All spleen US scans were performed by the same operator, who used
an EUB 525 Hitachi (Tokyo, Japan) instrument with a 2.5/3.5-MHz broadband curvilinear probe. The spleen was scanned in patients who
were fasting, in the longitudinal and transverse planes by using an
intercostal approach, a subcostal approach, or both. The
patient was placed in a supine or right-sided position until complete
organ visualization was achieved.8-10 Perimeter,
longitudinal diameter, and area, defined as the maximum measurements
with splenic borders and angles clearly defined, were measured, and
volume (in milliliters) was calculated automatically. Reference values for volume were obtained from measurements in 15 healthy subjects matched with the patients for sex, age, and body-surface area. For each
subject, the mean value of 3 measurements repeated on the same occasion
was calculated and recorded for final analysis.
Twelve unselected patients were studied by repeated US
measurements on 2 occasions at a 1-week interval by the same operator (intraobserver reproducibility) and by another operator unaware of the
previous results, with both operators using the same US machine
(interobserver reproducibility).11,12 After informed consent to participation was obtained again, the same 12 patients underwent a CT examination. Spleen axial images were obtained by using
a multirow helical instrument (Mx 8000; Marconi Medical Systems,
Cleveland, OH), to produce a 3-dimensional model used to calculate
volumes automatically.13 Technical parameters included 6.5-mm slice width with identical reconstruction index, pitch 1, 200 mA, 120 kilovolt potential, and a rotation time of 0.75 seconds.
All patients underwent physical examination, full blood counts,
assessment of blood smears and serum ferritin levels, and a search for
possible causes of reactive thrombocytosis.

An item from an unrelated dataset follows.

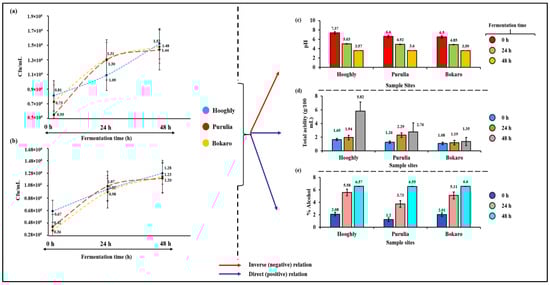 A sharp decline in pH was observed in the Hooghly samples from 7.37 ± 0.12 (0 h) to 3.57 ± 0.12 (48 h). In Purulia samples, a successional decrease was observed from 6.60 ± 0.12 (0 h) to 3.63 ± 0.03 (48 h) with a pH of 4.92 ± 0.11 at mid-phase of fermentation (24 h) (Figure 2c). The pH from each succession of Bokaro samples was found to be 6.50 ± 0.24 (0 h), 4.85 ± 0.09 (24 h) and 3.59 ± 0.01 (48 h), respectively (Figure 2c). A successional change in the acidity content of fermenting samples collected from Hooghly, Purulia and Bokaro was observed. Samples collected from Hooghly showed a gradual increase in titratable acidity from 1.65 ± 0.69 g/100 mL at 0 h to 5.82 ± 0.34 g/100 L at 48 h (Figure 2d). Purulia samples also displayed a similar pattern with the varying acidity content of 1.26 ± 0.03 g/100 mL (0 h) to 2.76 ± 0.04 g/100 mL at the end of the fermentation (48 h) (Figure 2d). The total acidity content in toddy samples from Bokaro was found to be increased successionally from 1.08 ± 0.02 g/100 mL (0 h) to 1.35 ± 0.17 g/100 mL at 48 h of fermentation (Figure 2d).

Morphologic, cytogenetic,
and molecular studies of bone marrow aspirates and a trephine biopsy
with use of the Perls reaction for iron deposits and the
silver-impregnation method for grading reticulin fibrosis were
performed in all nonsecondary cases. In accordance with the updated
criteria of the Polycythemia Vera Study Group,1,2 54 patients were found to be affected by essential thrombocythemia (ET), 4 by idiopathic myelofibrosis (IMF), and 15 by secondary thrombocytosis
(ST) due to inflammatory conditions, iron-deficiency anemia,
amyloidosis, or metastasizing malignant disease.
Statistical evaluations, including 2 testing, analysis
of variance with Bonferroni correction, and Pearson correlation, were performed with SPSS for Windows software (version 9.0; SPSS,
Chicago, IL).
 |
Results and discussion |
Intraobserver reproducibility and interobserver reproducibility of
measurements of spleen volume by US were excellent, with Pearson values
of 0.999 and 0.997, respectively. Spleen-volume measurements by US and
by CT scanning were strongly correlated, with a Pearson value of 0.945 (P < .001).
In the healthy subjects, spleen longitudinal diameter ranged from 8 to
11 cm (median, 9.5 cm) and spleen volume from 60 to 200 mL (median, 140 mL). Among the 73 patients studied, spleen enlargement was detected by
palpation (between 0.5 and 2 cm below the costal margin) in 18, by US
assessment of longitudinal diameter in 24, and by US assessment of
volume in 38. A Pearson value of 0.407 indicated a clear disagreement
between the volume and longitudinal-diameter measurements. Measurement
of volume had significantly higher sensitivity in detecting
splenomegaly compared with measurement of longitudinal diameter and
palpation (52% versus 33% or 25%; P = .003). Of the 54 patients with ET, 16 (29%) had palpable splenomegaly, 22 (40%) had
increased longitudinal diameter on US, and 34 (63%) had volume enlargement on US (overall median, 320 mL; range, 81-1000 mL). The
difference in median spleen volume between patients with ET and healthy
subjects was significant (P < .001). All 4 patients with
IMF had marked spleen-volume enlargement (median, 670 mL; range
510-1000 mL), whereas only 2 of them had splenomegaly on palpation or
US assessment of longitudinal diameter. In the group with ST,
spleen-volume estimation by US was in the normal range (median, 110 mL).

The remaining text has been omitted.